● What needs to be done: Each record that follows should be repeated exactly, with no pictures carried over.

● Dataset extract:
━━━

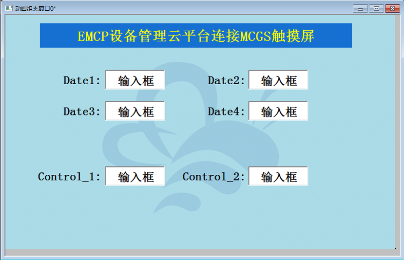 第四步,创建数显窗口,在“用户窗口中”新建窗口,双击新窗口进入动画组态页面,在组态页面中添加6个标签和输入框,对应内容为上面设定的Date1-Date4定时读取变量,Control_1和Control_2两个远程读写变量。如下图;
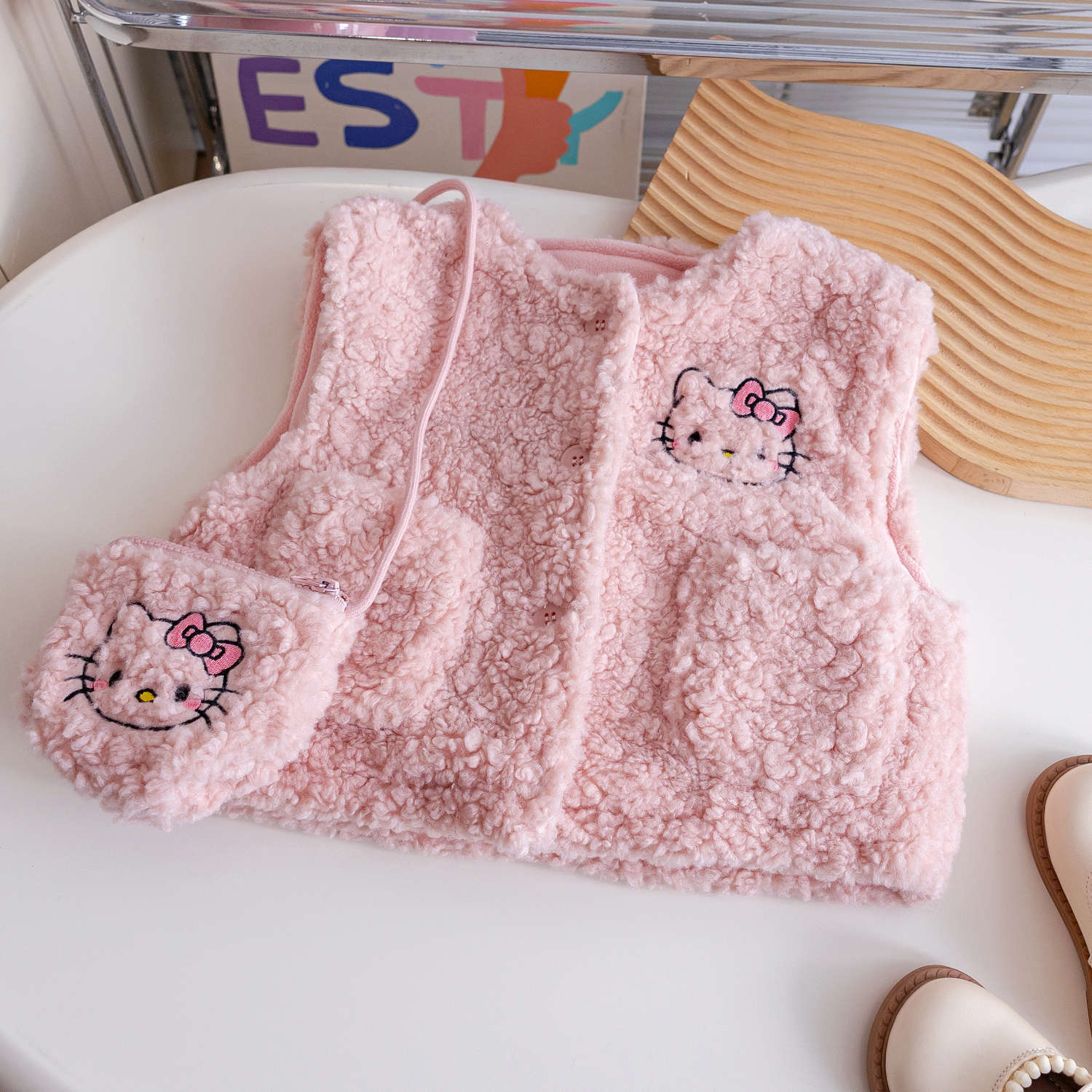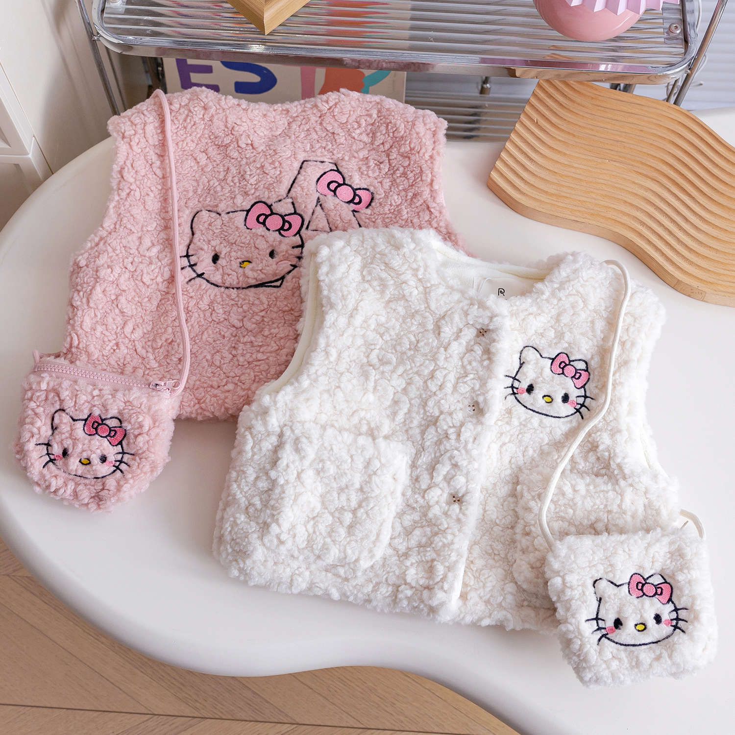 2025 새로운 여자 양고기 벨벳 조끼 가을, 겨울 아기 소녀 겨울 따뜻한 조끼 겉옷 겨울 아동 의류스토어 가기
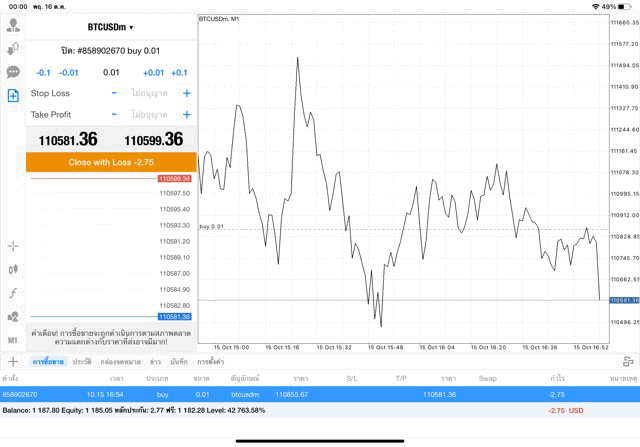 คลิ๊กปุ่มสีส้ม ปิดสถานะ หากยังไม่ปิดสถานะ ระหว่างนี้ราคายังเปลี่ยนแปลงอาจส่งผลต่อกำไรหรือขาดทุน
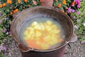 В кипящий бульон добавьте картофель и морковь. Кипение должно быть минимальным. Количество картофеля регулируйте на свой вкус.
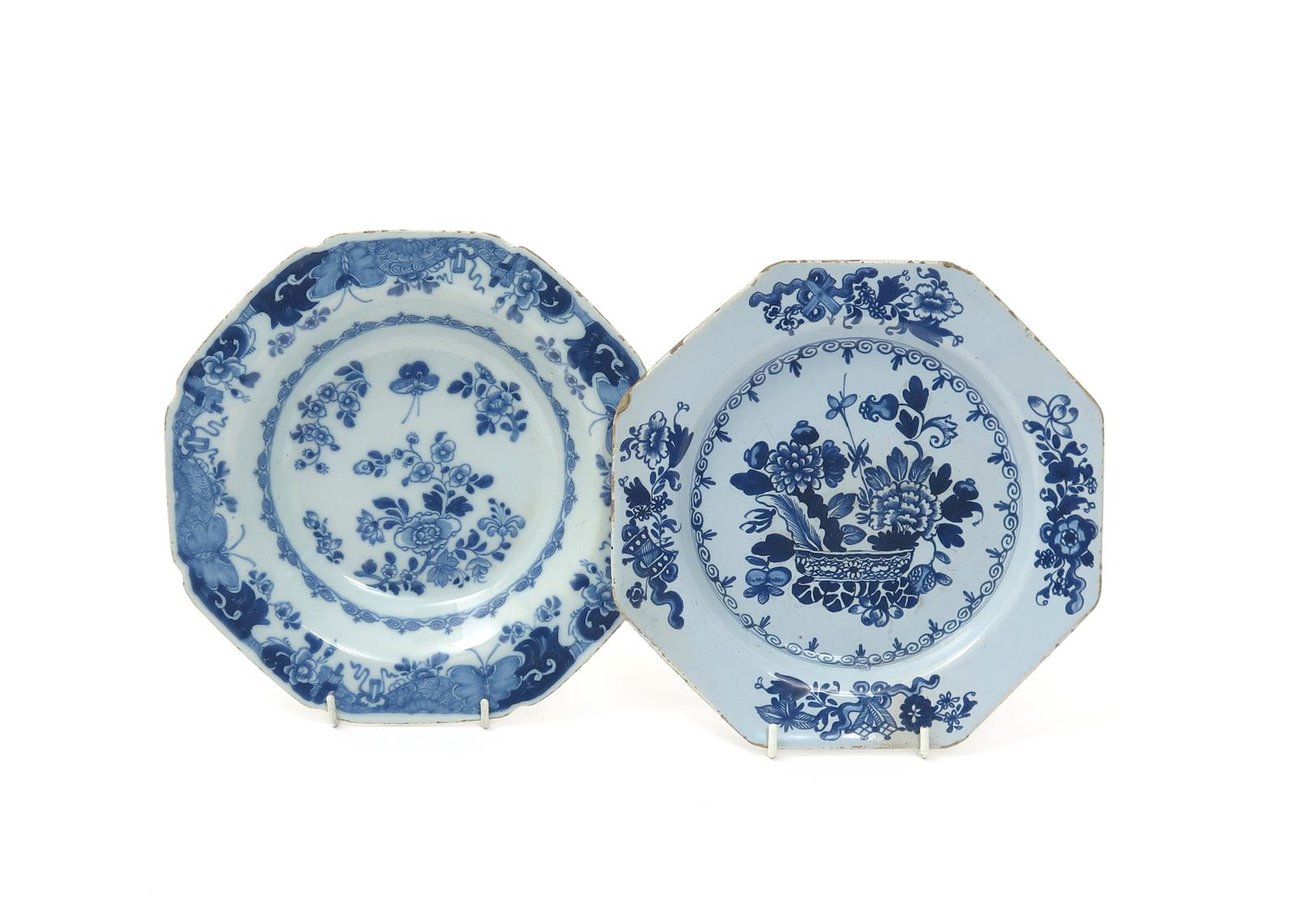 Two Irish delftware plates c.1760-70, one an octagonal soup plate painted with a butterfly above flowering plants, the rim with a Fitzhugh type border, numeral 2 mark, the other octagonal and painted with a censer containing flowering peony, the rim with four vignettes of tied scrolls and other auspicious objects, 23cm. (2)
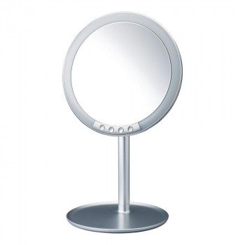 天気やその場の照明に影響を受けないLEDスタンドミラー。ナチュラル・ウォーム・クールの3色ライトです。本体ミラーの裏側に3倍拡大鏡が付いています。
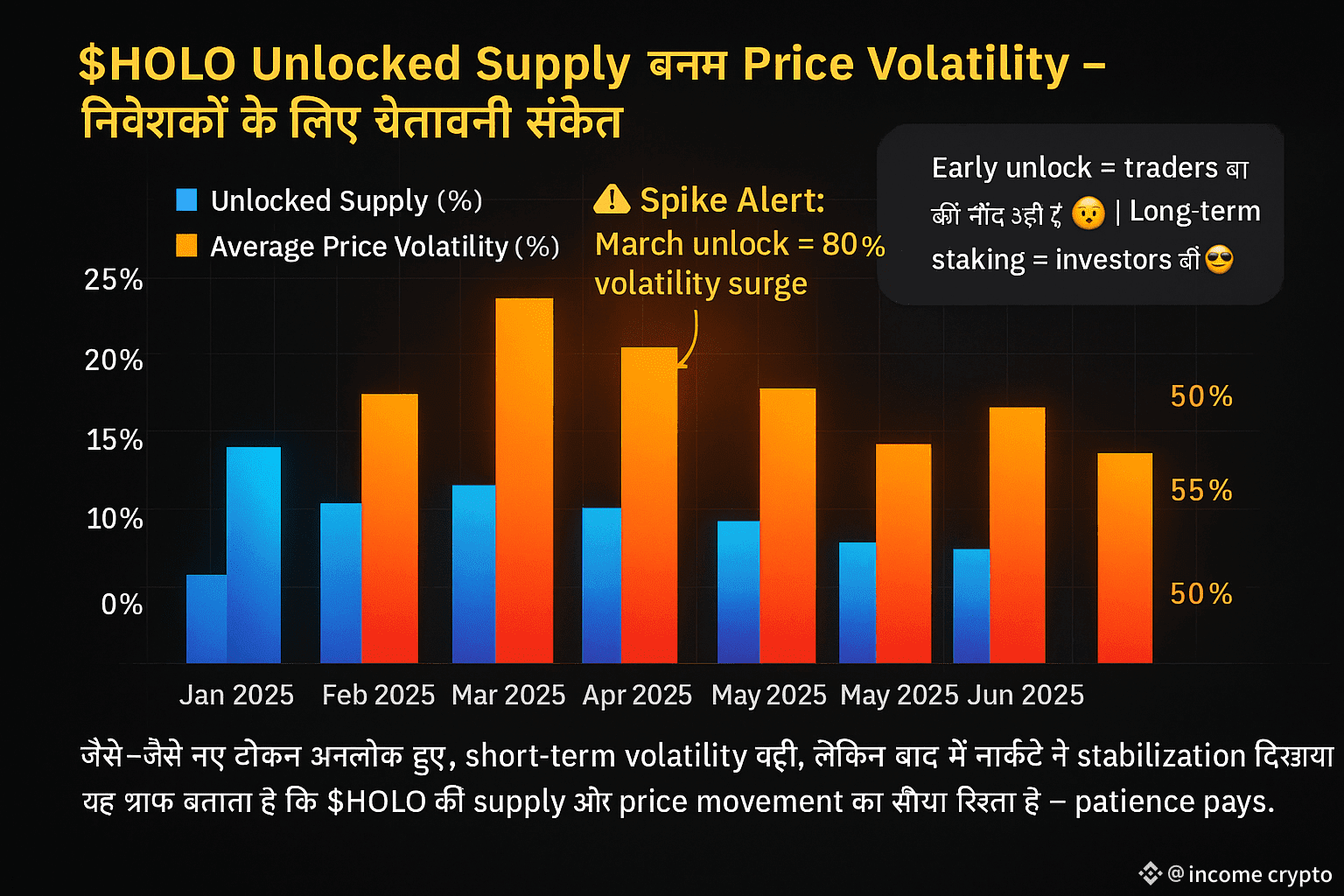 यह ध्यान देने योग्य है कि जैसे-जैसे नए टोकन अनलॉक होंगे, अल्पकालिक मूल्य दबाव आ सकता है। निवेशक अक्सर इन अनलॉक इवेंट्स के दौरान मुनाफा लेने की प्रवृत्ति रखते हैं, जिससे अस्थिरता बढ़ जाती है। एक उपयुक्त चार्ट हो सकता है: “HOLO Circulating Supply vs Upcoming Unlock Schedule”, जो बताएगा कि किन अवधियों में संभावित उतार-चढ़ाव अधिक रह सकता है।

━━━

● Task response:
 第四步,创建数显窗口,在“用户窗口中”新建窗口,双击新窗口进入动画组态页面,在组态页面中添加6个标签和输入框,对应内容为上面设定的Date1-Date4定时读取变量,Control_1和Control_2两个远程读写变量。如下图;
 2025 새로운 여자 양고기 벨벳 조끼 가을, 겨울 아기 소녀 겨울 따뜻한 조끼 겉옷 겨울 아동 의류스토어 가기
 คลิ๊กปุ่มสีส้ม ปิดสถานะ หากยังไม่ปิดสถานะ ระหว่างนี้ราคายังเปลี่ยนแปลงอาจส่งผลต่อกำไรหรือขาดทุน
 В кипящий бульон добавьте картофель и морковь. Кипение должно быть минимальным. Количество картофеля регулируйте на свой вкус.
 Two Irish delftware plates c.1760-70, one an octagonal soup plate painted with a butterfly above flowering plants, the rim with a Fitzhugh type border, numeral 2 mark, the other octagonal and painted with a censer containing flowering peony, the rim with four vignettes of tied scrolls and other auspicious objects, 23cm. (2)
 天気やその場の照明に影響を受けないLEDスタンドミラー。ナチュラル・ウォーム・クールの3色ライトです。本体ミラーの裏側に3倍拡大鏡が付いています。
 यह ध्यान देने योग्य है कि जैसे-जैसे नए टोकन अनलॉक होंगे, अल्पकालिक मूल्य दबाव आ सकता है। निवेशक अक्सर इन अनलॉक इवेंट्स के दौरान मुनाफा लेने की प्रवृत्ति रखते हैं, जिससे अस्थिरता बढ़ जाती है। एक उपयुक्त चार्ट हो सकता है: “HOLO Circulating Supply vs Upcoming Unlock Schedule”, जो बताएगा कि किन अवधियों में संभावित उतार-चढ़ाव अधिक रह सकता है।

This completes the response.